Para comenzar, recordaba haberle preguntado a mi tía Cristina, poco antes de incorporarse al álbum necrológico de la familia, por qué en Piura se llamaba “Cojudo de chicha” al poto o calabaza seca donde se acostumbra servir dicho fermento. Me explicó, utilizando un ingenioso eufemismo, que ello se debía al parecido que tenían los "Cojudos" con las talegas, pero sin decirme que en la fabla popular de mi tierra -donde yo faltaba casi desde la infancia- las "talegas" eran, ni más ni menos que un sinónimo de "testículos". El Cojudo, pues, se llamaba así porque tenía forma de testículo. A esta información se acoplaba, como raíz etimológica, el término "cojón" que se aplica en España al testículo más caído que su hermano gemelo, quedando el plural reservado para los casos de duplicidad. Esto es, cuando ambos protagonistas están igualmente caídos, por razones de peso específico (atributo -se dice de valientes y audaces) o por lo que podríamos llamar Languidez Congénita, que vendría a
ser algo así como prima hermana de la Cojudez Intrínseca. Por su parte, la definición del diccionario venía a confirmar esta relación Cojudez-Testículo, con ciertas implicancias de cosa desequilibrada (cojón, cojera, cojo, Cojudo), ambulatoria, sometida a los vaivenes del andar (o vivir, que es lo mismo pero a pocos), pesada, cargante y persistente (porque no hay nada tan persistente y aburrido como el andar de un cojo), etc. Pero todavía hay más cojudeces que anotar.
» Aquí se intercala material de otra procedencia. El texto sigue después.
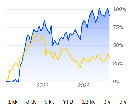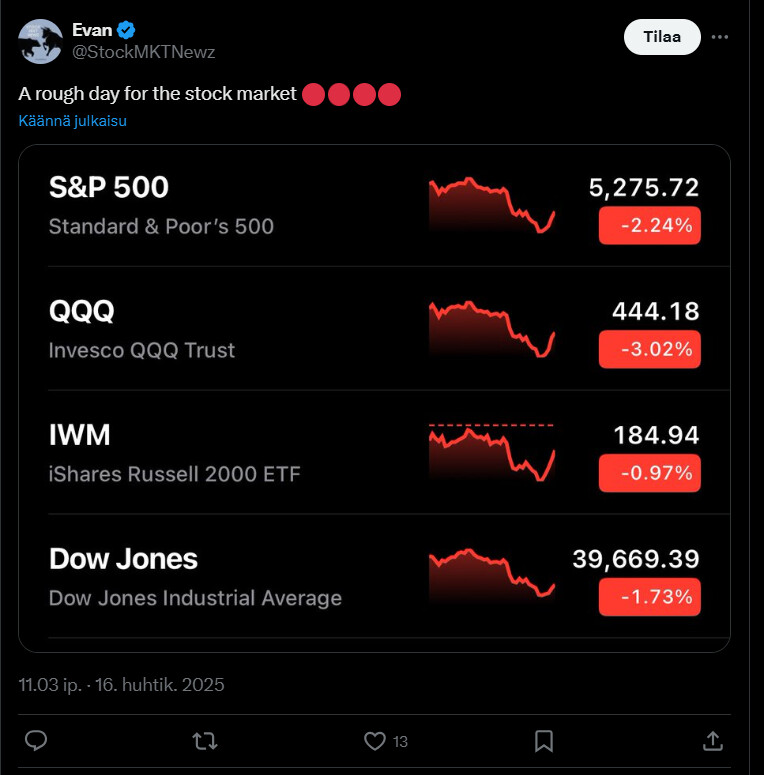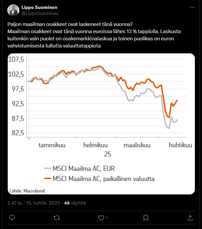 Because the USA has 2 of the world’s largest stock exchanges (NYSE and NASDAQ) and the dollar is a reserve currency. Finland is a tiny little peripheral market that, to top it all off, has a pleasant eastern neighbor. So why wouldn’t Finland fall more? The waves from the bigger boys’ antics will surely hit here one way or another. Finland’s muscles certainly won’t fill any trade relationship void. Even on a European scale, it’s unlikely to succeed in the big picture when everything happens slowly without unified decision-making. Even when it comes to supporting Ukraine, we seem to have more or less returned to mundane activities after the initial barking and finger-pointing.

“Cojez”, por ejemplo, que el diccionario señala como sinónimo de “Cojera”, es ya un antecedente y, diríamos, el eslabón perdido entre cojo y cojudez, del mismo modo que el “cojijoso” está definido como ser que “se queja, enoja o resiente por fútil motivo”. Es decir, exactamente lo que acostumbran hacer los Cojudos. Por su lado, “coja” es una de las 64 acepciones de “ramera” y, por lo tanto, es lógico que “Cojudo” venga a resultar el marido que “la permite o administra”. En lo personal, me parece que si la “administra” no es ningún Cojudo sino, más bien, un sinvergüenza, pero si “la permite” nos encontramos ante un caso imponente de cojudez por derecho propio. Sin insistir mucho en que "cojinetes" se llama a las billas o bolas de rodamiento, tal vez convenga remontamos hasta Felipe El Hechizado (valga decir el Cojudo), monarca que sufría de "poco sustentamiento en las vedijas", como dejara puntualizado su médico, el caballero de Sotomayor, quien inventó para él unos andamios de tela -hoy llamados abiertamente “suspensores"-, destinados a restituir en su Señor el equilibrio perdido y a evitar que ingresara en la Historia como un soberano Cojudo. Objetivo que no logró, como estamos viendo. Es muy posible que la real potra no encontrara en los arcaicos suspensores el alivio necesario o mínimo y esto abrió las puertas de la inmortalidad y la fortuna a don Sancho Herrera de Alduz, faltriquero de la Corte, quien diseñó, para delicia de tan torturados como altivos escrotos, los primeros cojines que se recuerda. Sobre ellos -blandos, frescos, forrados en rojo terciopelo heráldico- daba respiro "a las desiguales pesas de su balanza, nuestro bienamado monarca", como habría de consignar don Francisco de Quevedo, quien debía ser un experto en la materia porque también sufría de lo mismo.